Kubernetes client 102 represents an input interface for a user to supervisor Kubernetes master 104. Kubernetes client 102 is commonly referred to as kubectl. Through Kubernetes client 102, a user submits desired states of the Kubernetes system, e.g., as YAML documents, to supervisor Kubernetes master 104. In embodiments, the user submits the desired states within the scope of a supervisor namespace. A “supervisor namespace” is a shared abstraction between VI control plane 113 and orchestration control plane 115. Each supervisor namespace provides resource-constrained and authorization-constrained units of multi-tenancy. A supervisor namespace provides resource constraints, user-access constraints, and policies (e.g., storage policies, network policies, etc.). Resource constraints can be expressed as quotas, limits, and the like with respect to compute (CPU and memory), storage, and networking of the virtualized infrastructure (host duster 118, shared storage 170, SD network layer 175). User-access constraints include definitions of users, roles, permissions, bindings of roles to users, and the like. Each supervisor namespace is expressed within orchestration control plane 115 using a namespace native to orchestration control plane 115 (e.g., a Kubernetes namespace or generally a “native namespace”), which allows users to deploy applications in supervisor cluster 101 within the scope of supervisor namespaces. In this manner, the user interacts with supervisor Kubernetes master 104 to deploy applications in supervisor cluster 101 within defined supervisor namespaces.
While
Pod VM controller 216 is an agent 152 of orchestration control plane 115 for supervisor cluster 101 and allows supervisor Kubernetes master 104 to interact with hypervisor 150. Pod VM controller 216 configures the respective host as a node in supervisor cluster 101. Pod VM controller 216 manages the lifecycle of pod VMs 130, such as determining when to spin-up or delete a pod VM. Pod VM controller 216 also ensures that any pod dependencies, such as container images, networks, and volumes are available and correctly configured. Pod VM controller 216 is omitted if host cluster 118 is not enabled as a supervisor cluster 101.

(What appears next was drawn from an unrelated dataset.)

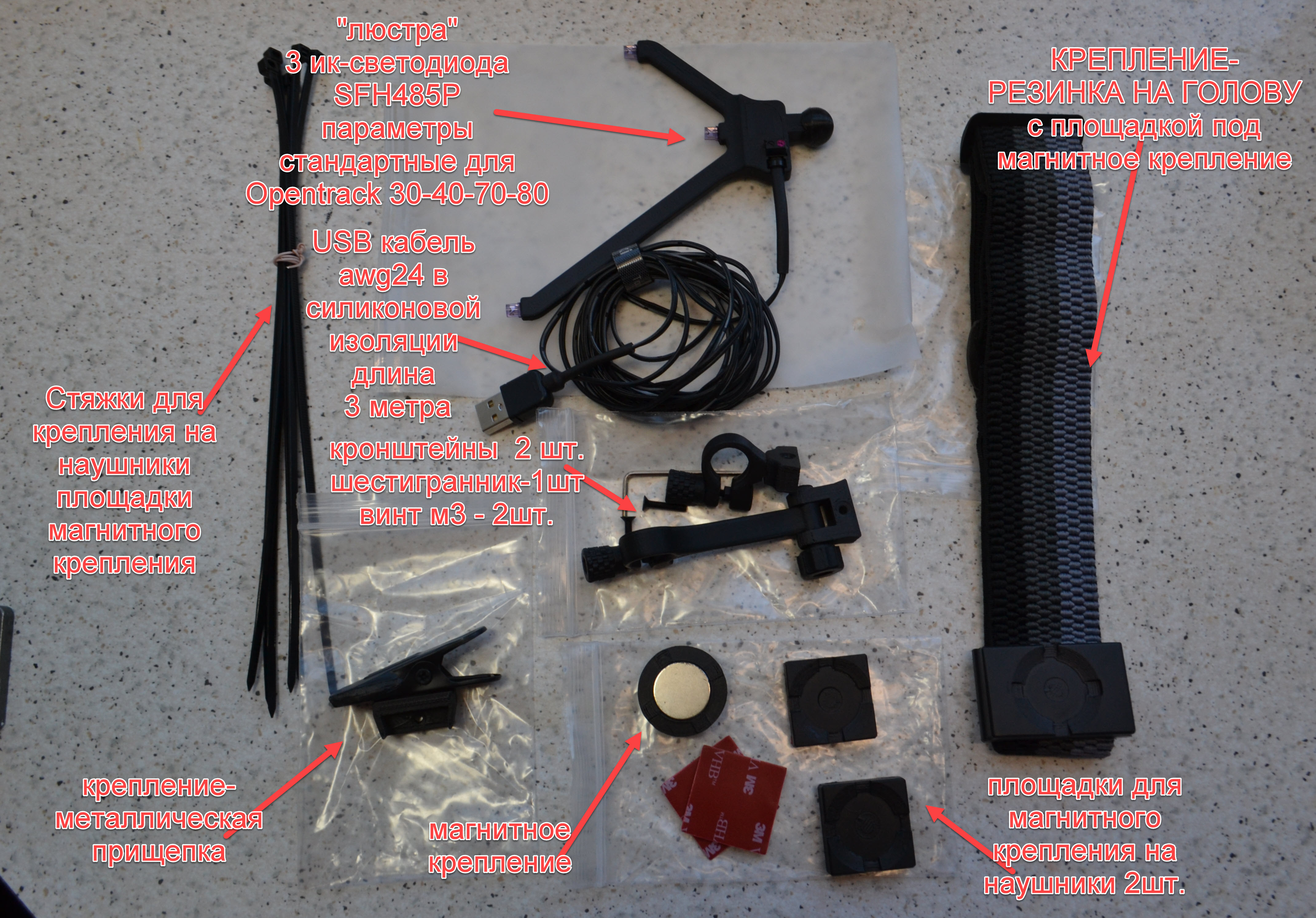 Deltavod Опубликовано: 13 января 2022 Автор Опубликовано: 13 января 2022 Имеется в наличии комплект Opentrack . клипса проводная с тремя типами креплений (магнитное,металлическая прищепка и пластиковая клипса-защелка )кронштейн без регулировки по высоте и с регулировкой а-ля трекировская клипса . длина провода 3 метра .размеры между светодиодами стандартные 30-40-70-80 .Камера PS3EYE с удаленным напылением .Фокусировка объектива не сбита. Соответственно ,можно задействовать обзор 56 или 75 градусов.Крепление на монитор,насадка для удержания пленки-светофильтра .материал АБС пластик ,окрашенный акриловой эмалью. цена 3 т.р. +доставка СДЭК ,Boxberry, Почта России.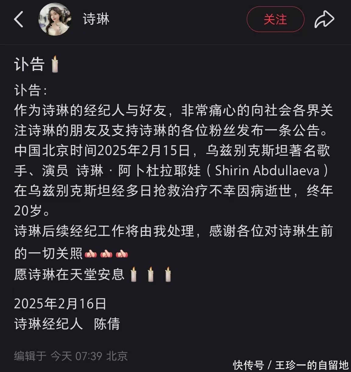 诗琳病逝的音讯由其牙东谈主在其账号上发布。

Image service 218 is configured to pull container images from image registry 190 and store them in shared storage 170 such that the container images can be mounted by pod VMs 130. Image service 218 is also responsible for managing the storage available for container images within shared storage 170. This includes managing authentication with image registry 190, assuring providence of container images by verifying signatures, updating container images when necessary, and garbage collecting unused container images. Image service 218 communicates with pod VM controller 216 during spin-up and configuration of pod VMs 130. In some embodiments, image service 218 is part of pod VM controller 216. In embodiments, image service 218 utilizes system VMs 130/140 in support VMs 145 to fetch images, convert images to container image virtual disks, and cache container image virtual disks in shared storage 170.
Network agents 222 comprises agents 152 installed by network manager 112. Network agents 222 are configured to cooperate with network manager 112 to implement logical network services. Network agents 222 configure the respective host as a transport node in a cluster 103 of transport nodes.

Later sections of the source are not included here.